Андерсен по-прежнему бездумно разглядывает белую ткань, сдавливающую мне горло.
– Сэмюель. Что почувствует твоя мать, когда узнает?
Это заставляет губы болезненно скривиться, но больше он никак не выдает, что вообще слышит меня. Что ж.
Придется продолжить.
– В таком случае, ― я склоняюсь почти вплотную, ― давай-ка кое-что уточним. Чтобы было, что поведать беснующейся толпе, когда она выберет тебе крепкий сук.
Андерсен зажмуривается, его густые ресницы дрожат, но ответ снова ― безмолвие.
– Итак. Ты просыпаешься среди ночи в малознакомой глуши. Седлаешь лошадь и каким-то чудом быстро долетаешь до Оровилла через дикие леса и холмы, не заблудившись. Так? Хорошо, допустим, так.
Свой голос я слышу как со стороны и почти не сомневаюсь: где-то поблизости внимательно слушает Винсент. Из груди Андерсена раздается глухой вздох.
– Далее ты встречаешь Джейн Бернфилд и говоришь с ней о чем-то, чего… допустим, не помнишь, у тебя же провалы. Так? Так. Разговора не получается.
Он опять содрогается, сутулится, когда я произношу имя девушки. Под ресницами ― подступающие слезы. Он уже понял, к чему я веду. И что я непременно закончу.
– Тогда, ― я криво усмехаюсь, ― ты бьешь ее ножом. Раз. Второй. Третий. Удары яростные, глубокие, будто ты полосуешь жертвенную свинью. Наверное, она кричит. Цепляется за тебя. Спрашивает, за что ты так поступаешь. Действительно… за что, Сэмюель?
Андерсен открывает глаза, как от оплеухи. Трясутся губы, но ни слова в ответ; первая слеза срывается вниз. Это не все, он знает. Знает и упрямо склоняет голову, прячась за иссиня-черными кудрями.
– И наконец, ты оставляешь ее истекать кровью в траве. Быстро, незаметно возвращаешься на лесопилку. Ложишься в постель, чтобы встать одновременно с отцом, полюбезничать с Тэдом за завтраком и уехать. А мисс Бернфилд уже дома, умирает. ― Я стискиваю его подбородок, заставляю смотреть прямо. ― Ее внутренности превратились в месиво и вываливаются при каждом вздохе, она бредит и зовет кого-то, кого очень, очень любит…

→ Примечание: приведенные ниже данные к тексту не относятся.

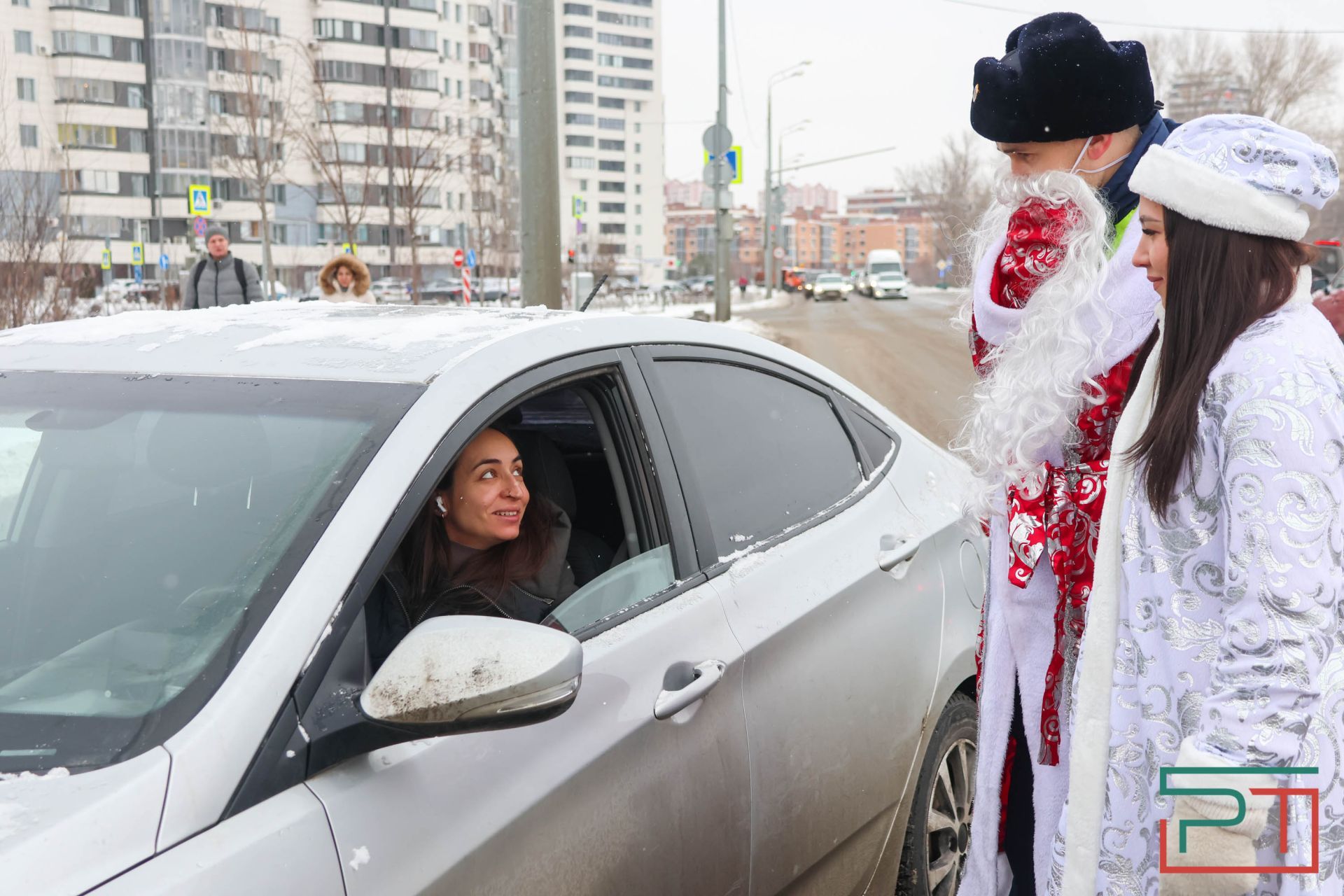 Сегодня в Казани состоялась традиционная предновогодняя акция Госавтоинспекции и ГБУ «Безопасность дорожного движения». Водителей и пешеходов встречали сотрудники ведомств в образах Деда Мороза и Снегурочки и дарили подарки тем, кто не нарушал никаких правил.

Я выпускаю его, отстраняюсь. Кажется, Андерсен пытается просто глотнуть воздуха, просто почувствовать его в легких, просто… проснуться? Не получается. Стон похож на вой. Не успеваю удержать юношу ― он валится вбок, наверняка расшибает голову. Сознание его не покидает, он закрывает лицо, затем запускает пальцы в волосы. Я не двигаюсь, наблюдаю сверху вниз, как он мечется, бьется, точно силясь выдрать собственную душу из тела. Наконец сдается ― жалко обмякает на полу. Вскрикивает, из груди вырываются захлебывающиеся рыдания. Плачь, дурак. Лучше пусть ты будешь плакать, чем смеяться. Люди верят слезам.
– Я не знаю… не знаю… не помню… ― я разбираю несколько фраз и торжествующе усмехаюсь. ― Как я мог… я… но…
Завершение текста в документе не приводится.